## What to do
Nothing but the lines from the one containing "689 • 11 oz." to the end of the records that follow should be transcribed, each exactly, with the pictures left out.

##### Records shown #####

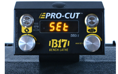
Advanced Electronics & Controls
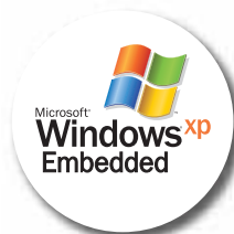
Microsoft Windows XP Embedded
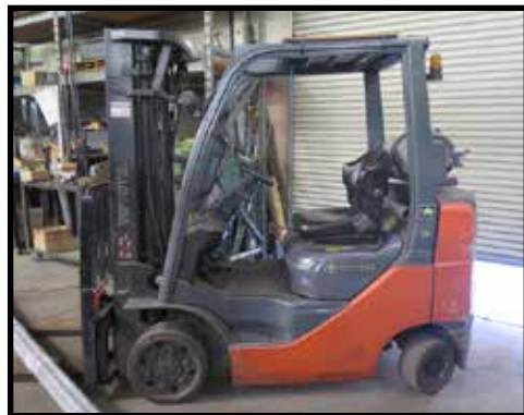
Toyota 8FGCU25 4500 Lb Cap LPG Forklift
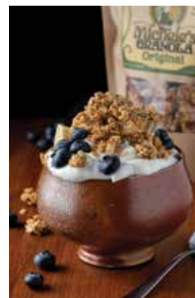
Handmade in small batches in a bakery that is 100% powered with wind power, Michele's Granola comes in an Original variety as well as more exotic varieties such as Lemon Pistachio, Almond Butter, and Cherry Chocolate.

Women are more likely to purchase all sweet snack varieties except for pie. After cookies and brownies, the next favorite sweet choice for those aged 18–24 and 45 and older is candy; those aged 25–34 favor cake and candy equally (Smuckers 2018c). »»
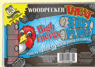
689 • 11 oz. • 4 pack • 12/cs. Woodpecker Treat Suet Plug
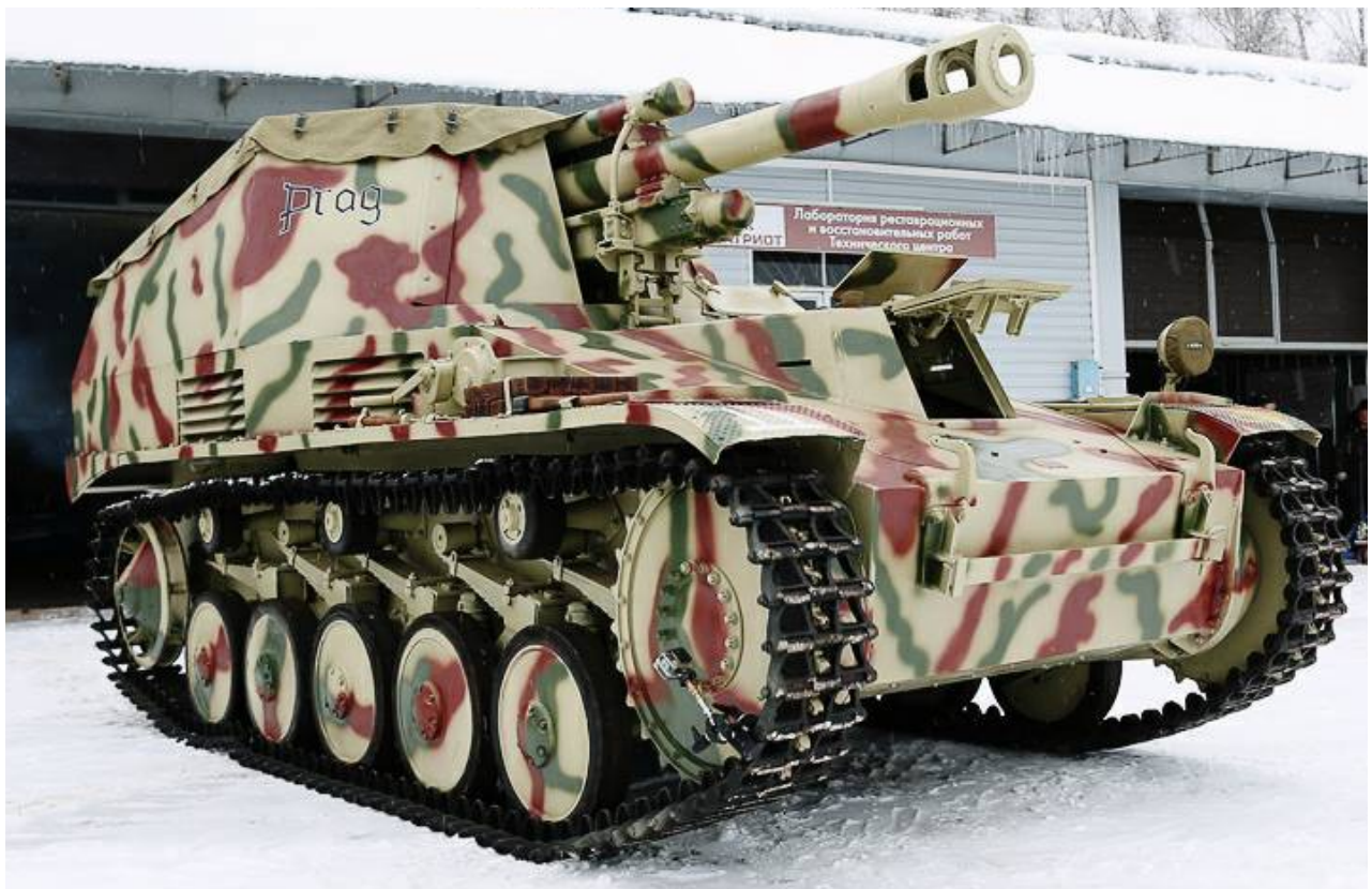
Patriot Park, December 2018
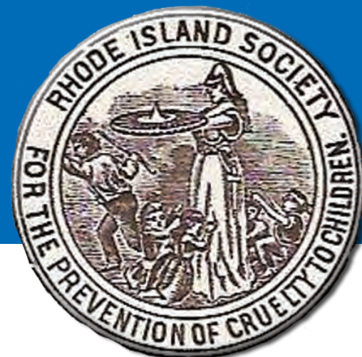
The Official Seal of the American Humane Association adopted by RISPC
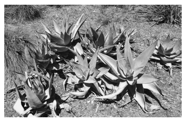
This patch of Aloe striata is showing the signs of under-watering with shriveled leaves, dying older leaves, and stunted new growth.
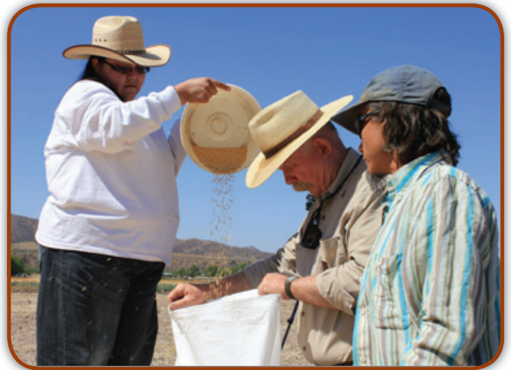
Seed School students winnowing White Sonora wheat.

#####

## Reply
689 • 11 oz. • 4 pack • 12/cs. Woodpecker Treat Suet Plug
Patriot Park, December 2018
The Official Seal of the American Humane Association adopted by RISPC
This patch of Aloe striata is showing the signs of under-watering with shriveled leaves, dying older leaves, and stunted new growth.
Seed School students winnowing White Sonora wheat.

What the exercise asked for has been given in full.